Your score for this submission is : 0.826976229961.

Model II - Decision Tree Classifier with reduced number of features

from sklearn.tree import DecisionTreeClassifier

# define the predictors

dependent_variable = 'Income.Group'
independent_variable = ['Age', 'Education', 'Workclass', 'Sex', 'Hours.Per.Week']

print independent_variable

# Inititate the algorithm
model_02 = DecisionTreeClassifier(max_depth = 10, min_samples_leaf = 100, max_features= 'sqrt')

# Fit the algorithm
model_02.fit(train[independent_variable], train[dependent_variable])

# Model predictions
model_02_predictions = model_02.predict(test[independent_variable])

submission = pd.read_csv('sample_submission.csv')
submission.ID = test.ID
income_group = ['<=50K']*len(test['ID'])

for i in range(len(model_02_predictions)):
    if model_02_predictions[i] == 1: 
        income_group[i] = '>50K'
        
submission['Income.Group'] = income_group

submission.to_csv('submission_02.csv', index = False)

['Age', 'Education', 'Workclass', 'Sex', 'Hours.Per.Week']

Your score for this submission is : 0.806522940851.

Model III - Random Forest Classifier

from sklearn.ensemble import RandomForestClassifier

dependent_variable = 'Income.Group'
independent_variable = [x for x in train.columns if x not in ['ID', dependent_variable]]

# Inititate the algorithm
model_03 = RandomForestClassifier(max_depth = 10, min_samples_leaf = 10, max_features= 'auto')

# Fit the algorithm
model_03.fit(train[independent_variable], train[dependent_variable])

# Model predictions
model_03_predictions = model_03.predict(test[independent_variable])

# Make submission
submission = pd.read_csv('sample_submission.csv')
submission.ID = test.ID
income_group = ['<=50K']*len(test['ID'])
for i in range(len(model_03_predictions)):
    if model_03_predictions[i] == 1: 
        income_group[i] = '>50K'        
submission['Income.Group'] = income_group
submission.to_csv('submission_03.csv', index = False)

Your score for this submission is : 0.8359437381.
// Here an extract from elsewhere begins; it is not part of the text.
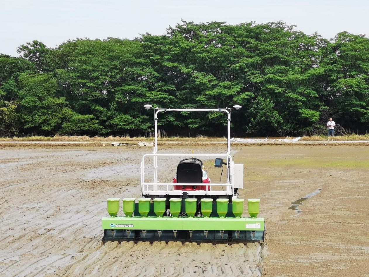 當(dāng)技術(shù)人員發(fā)出作業(yè)指令后,一臺無人駕駛的水稻精量穴直播機(jī)從道路緩緩駛?cè)胱鳂I(yè)田塊,根據(jù)技術(shù)人員預(yù)先設(shè)定好行進(jìn)路線在平整寬闊的水田里來回穿梭,在它自己“溜達(dá)”的同時,就把水稻種子精準(zhǔn)整齊地播到了田里。行駛路線筆直,掉頭快速,撒種精準(zhǔn)。短短30分鐘的時間,一塊8畝左右的水田就已經(jīng)完成了播種。作業(yè)任務(wù)完成后,直播機(jī)又自動從田里上岸。無人駕駛直播機(jī)順利完成播種作業(yè),標(biāo)志著江西贛糧院士工作站無人農(nóng)場正式開啟無人作業(yè)模式。

Model IV - K Nearest Neighbors Classifier

from sklearn.neighbors import KNeighborsClassifier

dependent_variable = 'Income.Group'
independent_variable = [x for x in train.columns if x not in ['ID', dependent_variable]]

# Inititate the algorithm
model_04 = KNeighborsClassifier(n_neighbors=10, leaf_size=1)

# Fit the algorithm
model_04.fit(train[independent_variable], train[dependent_variable])

# Model predictions
model_04_predictions = model_04.predict(test[independent_variable])

# Make submission
submission = pd.read_csv('sample_submission.csv')
submission.ID = test.ID
income_group = ['<=50K']*len(test['ID'])
for i in range(len(model_04_predictions)):
    if model_04_predictions[i] == 1: 
        income_group[i] = '>50K'        
submission['Income.Group'] = income_group
submission.to_csv('submission_04.csv', index = False)

Your score for this submission is : 0.811313801364.

Model V - Bagging

from sklearn.ensemble import BaggingClassifier

dependent_variable = 'Income.Group'
independent_variable = [x for x in train.columns if x not in ['ID', dependent_variable]]

# Inititate the algorithm
model_05 = BaggingClassifier()

# Fit the algorithm
model_05.fit(train[independent_variable], train[dependent_variable])

# Model predictions
model_05_predictions = model_05.predict(test[independent_variable])

# Make submission
submission = pd.read_csv('sample_submission.csv')
submission.ID = test.ID
income_group = ['<=50K']*len(test['ID'])
for i in range(len(model_05_predictions)):
    if model_05_predictions[i] == 1: 
        income_group[i] = '>50K'        
submission['Income.Group'] = income_group
submission.to_csv('submission_05.csv', index = False)

Model VI - Ada Boost

from sklearn.ensemble import AdaBoostClassifier

dependent_variable = 'Income.Group'
independent_variable = [x for x in train.columns if x not in ['ID', dependent_variable]]

# Inititate the algorithm
model_06 = AdaBoostClassifier(n_estimators=160, learning_rate= 0.5)

# Fit the algorithm
model_06.fit(train[independent_variable], train[dependent_variable])

# Model predictions
model_06_predictions = model_06.predict(test[independent_variable])

# Make submission
submission = pd.read_csv('sample_submission.csv')
submission.ID = test.ID
income_group = ['<=50K']*len(test['ID'])
for i in range(len(model_06_predictions)):
    if model_06_predictions[i] == 1: 
        income_group[i] = '>50K'        
submission['Income.Group'] = income_group
submission.to_csv('submission_06.csv', index = False)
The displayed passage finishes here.